The supervisor agent is responsible for creating and routing tool calls to each of your subagents, passing only the context necessary. You can modify this behavior and pass along the entire message history if desired. See the [LangGraph docs](https://langchain-ai.github.io/langgraph/reference/supervisor/) for more information.

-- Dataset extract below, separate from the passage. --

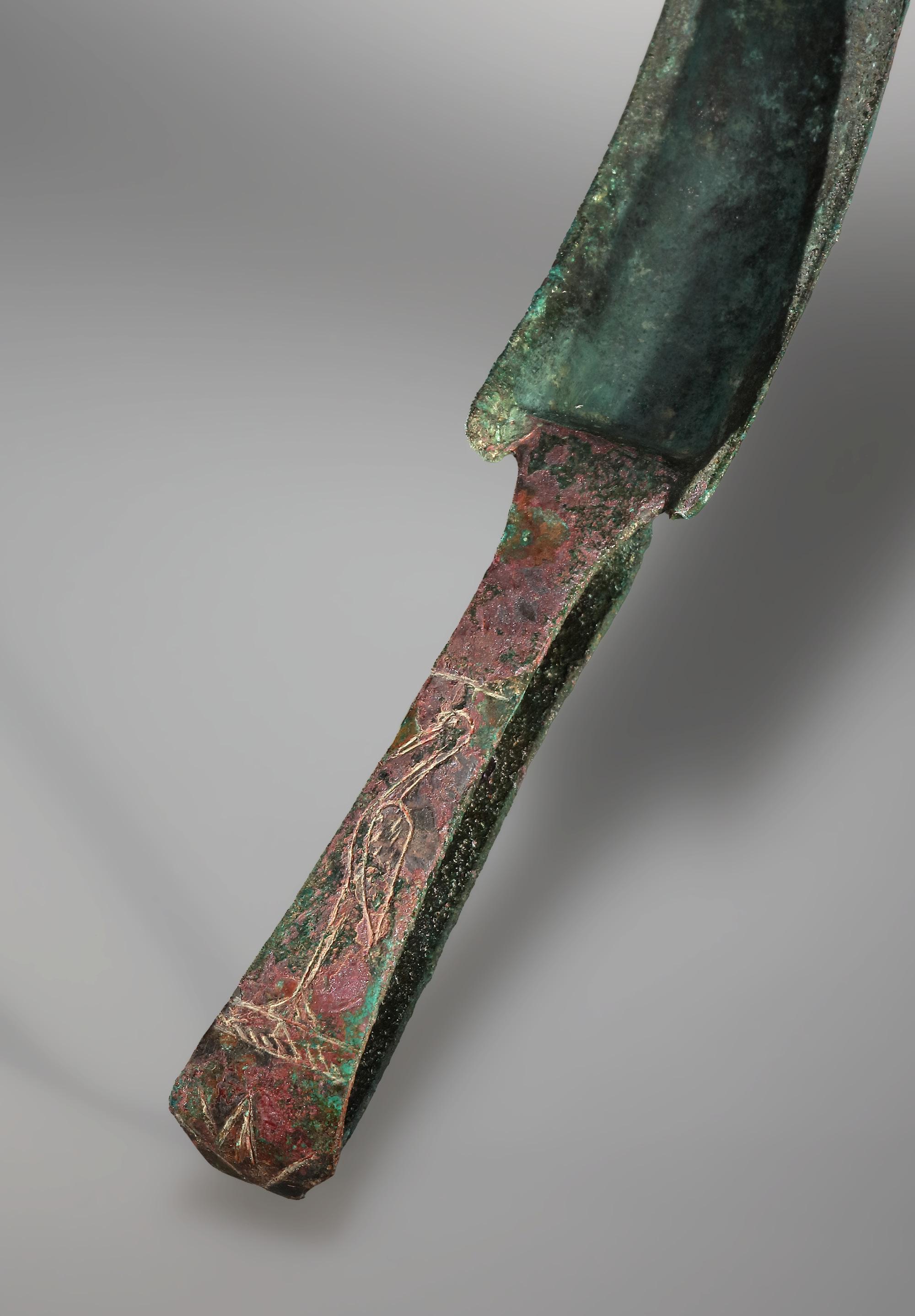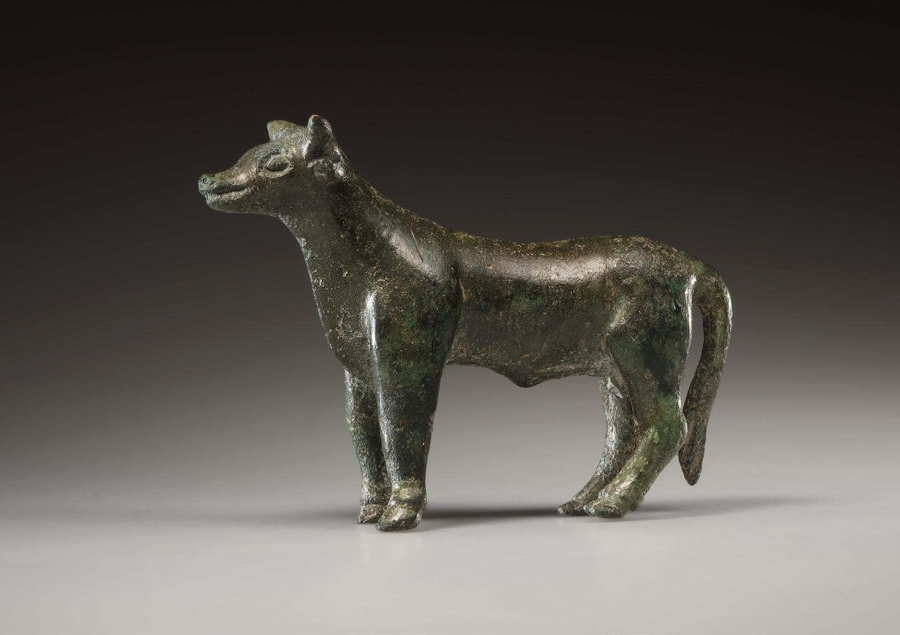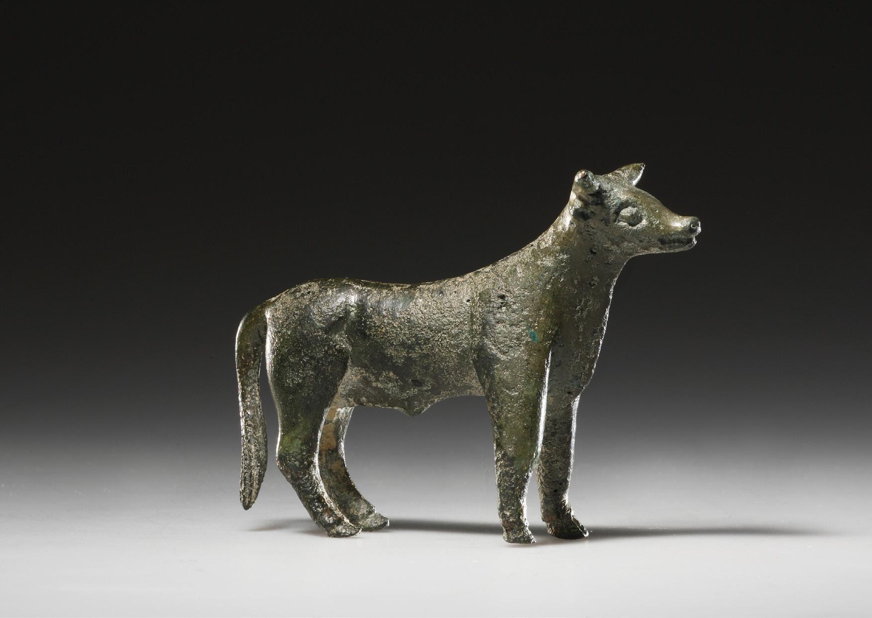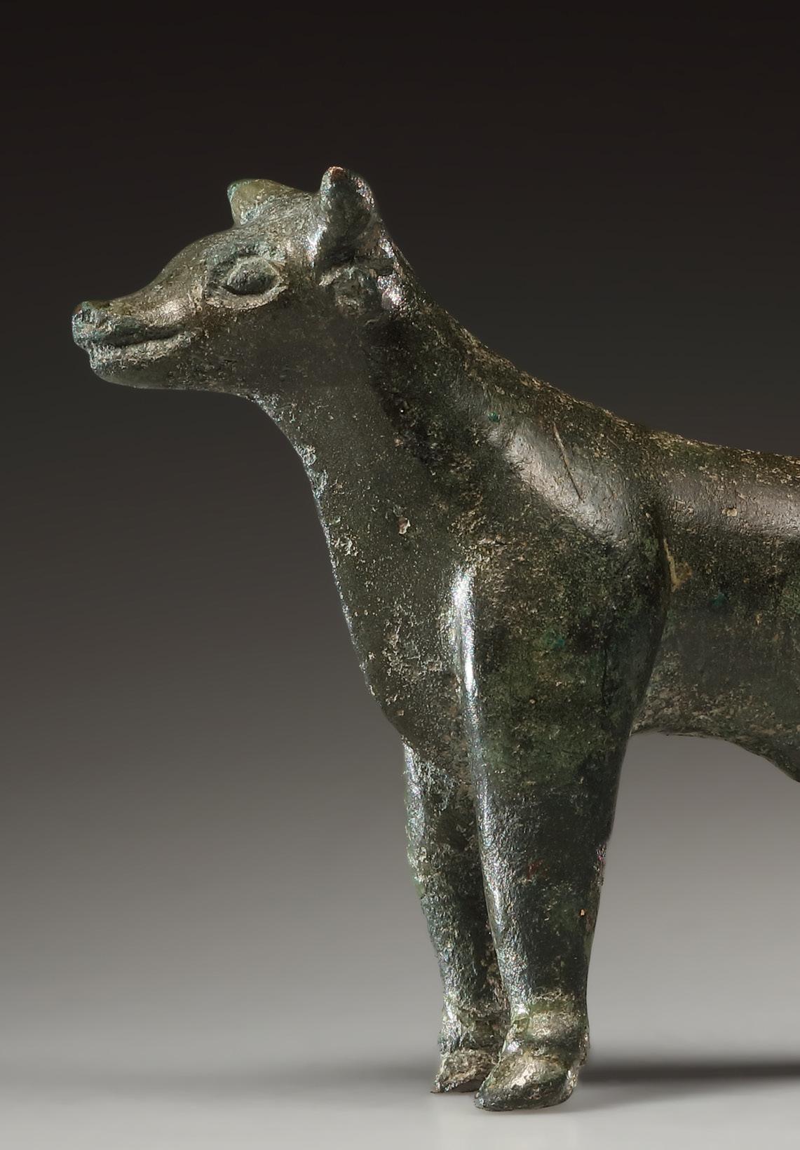 to the formal austerity of the body. The figure stands in the tradition of small Etruscan bronzes, that were produced from the 7th cent. B.C. onwards and were frequently dedicated as votive offerings in sanctuaries. The depiction of the nude male youth in the socalled kouros scheme follows Greek models and symbolizes ideal youth, beauty, and cultic purity. The figure probably represents either a deity (e.g., Apollo/Apulu) or a worshipper who dedicated the figurine as an offering to a god. Bronze statuettes of kouroi were also used in a decorative context, for example as supports for thymiateria (stands for burning incense; such a function, however, can be excluded here due to the fully modeled head). Part of the left forearm and the hand are missing. The beginning of

### Write agent code to file

Define the agent code in a single cell below. This lets you write the agent code to a local Python file, using the `%%writefile` magic command, for subsequent logging and deployment.

In [0]:
%%writefile agent.py
import json
from typing import Generator, Literal
from uuid import uuid4

import mlflow
from databricks_langchain import (
    ChatDatabricks,
    DatabricksFunctionClient,
    UCFunctionToolkit,
    VectorSearchRetrieverTool,
    set_uc_function_client,
)
from databricks_langchain.genie import GenieAgent
from langchain_core.runnables import Runnable
from langchain.agents import create_agent
from langgraph.graph.state import CompiledStateGraph
from langgraph_supervisor import create_supervisor
from mlflow.pyfunc import ResponsesAgent
from mlflow.types.responses import (
    ResponsesAgentRequest,
    ResponsesAgentResponse,
    ResponsesAgentStreamEvent,
    output_to_responses_items_stream,
    to_chat_completions_input,
)
from pydantic import BaseModel

client = DatabricksFunctionClient()
set_uc_function_client(client)

########################################
# Create your LangGraph Supervisor Agent
########################################

GENIE = "genie"


class ServedSubAgent(BaseModel):
    endpoint_name: str
    name: str
    task: Literal["agent/v1/responses", "agent/v1/chat", "agent/v2/chat"]
    description: str


class Genie(BaseModel):
    space_id: str
    name: str
    task: str = GENIE
    description: str


class InCodeSubAgent(BaseModel):
    tools: list[str]
    name: str
    description: str


class VectorSearchSubAgent(BaseModel):
    index_name: str
    name: str
    description: str


TOOLS = []


def stringify_content(state):
    msgs = state["messages"]
    if isinstance(msgs[-1].content, list):
        msgs[-1].content = json.dumps(msgs[-1].content, indent=4)
    return {"messages": msgs}


def create_langgraph_supervisor(
    llm: Runnable,
    externally_served_agents: list[ServedSubAgent] = [],
    in_code_agents: list[InCodeSubAgent] = [],
    vector_search_agents: list[VectorSearchSubAgent] = [],
):
    agents = []
    agent_descriptions = ""

    # Process vector search agents (semantic search over unstructured data)
    for agent in vector_search_agents:
        agent_descriptions += f"- {agent.name}: {agent.description}\n"
        vs_tool = VectorSearchRetrieverTool(
            index_name=agent.index_name,
            tool_name=agent.name,
            tool_description=agent.description,
        )
        TOOLS.append(vs_tool)
        agents.append(create_agent(llm, tools=[vs_tool], name=agent.name))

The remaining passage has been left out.